***** AVAILABLE DATA *****
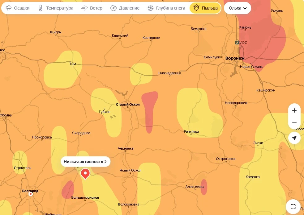 Что касается ольхи, то ситуация неоднородная: в самом Белгороде уровень пыльцы умеренный. Высокая активность – на отдельных территориях, а в Октябрьском, Строителе, Короче, Губкине и некоторых других населённых пунктах она низкая.
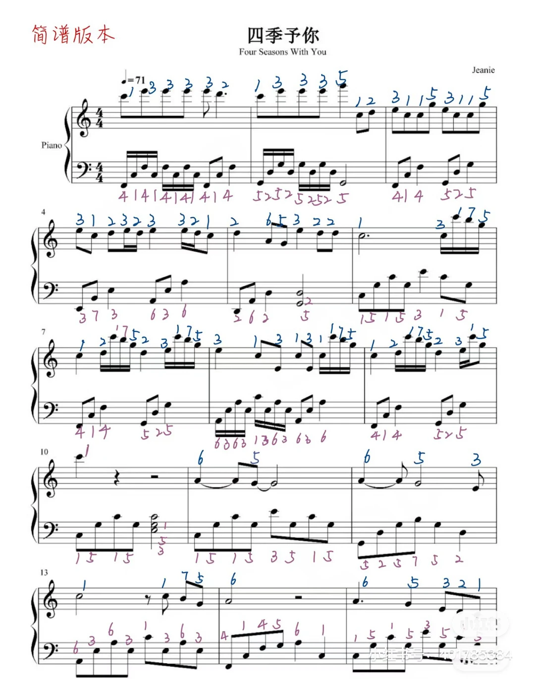 四季予你钢琴谱程响c调流行钢琴五线谱
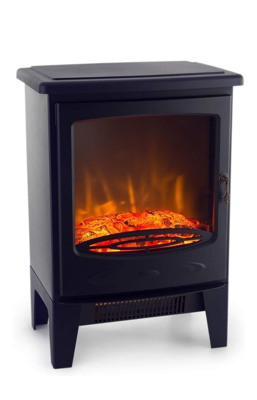 Adjust the temperature to your comfort using the continuously variable thermostat control, conveniently located behind the stylish oven-style door. Designed for both function and flair, the cast-iron look finish blends seamlessly with any decor, delivering classic elegance and modern heating in one.
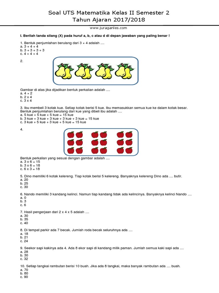 Contoh Soal Matematika Kelas 2 Sd Semester 1 2020
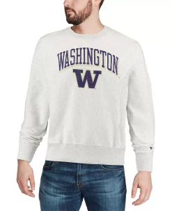 Give your Washington Huskies fandom a boost when it’s cold out by wearing this Champion Arch Over Logo reverse weave pullover sweatshirt.
*****
» ACTIVITY
Line by line, reproduce exactly the lines from the one containing "四季予你钢琴谱程响c调流行钢琴五线谱" through the final line of the material, both included, leaving every picture out.

» ANSWER
 四季予你钢琴谱程响c调流行钢琴五线谱
 Adjust the temperature to your comfort using the continuously variable thermostat control, conveniently located behind the stylish oven-style door. Designed for both function and flair, the cast-iron look finish blends seamlessly with any decor, delivering classic elegance and modern heating in one.
 Contoh Soal Matematika Kelas 2 Sd Semester 1 2020
 Give your Washington Huskies fandom a boost when it’s cold out by wearing this Champion Arch Over Logo reverse weave pullover sweatshirt.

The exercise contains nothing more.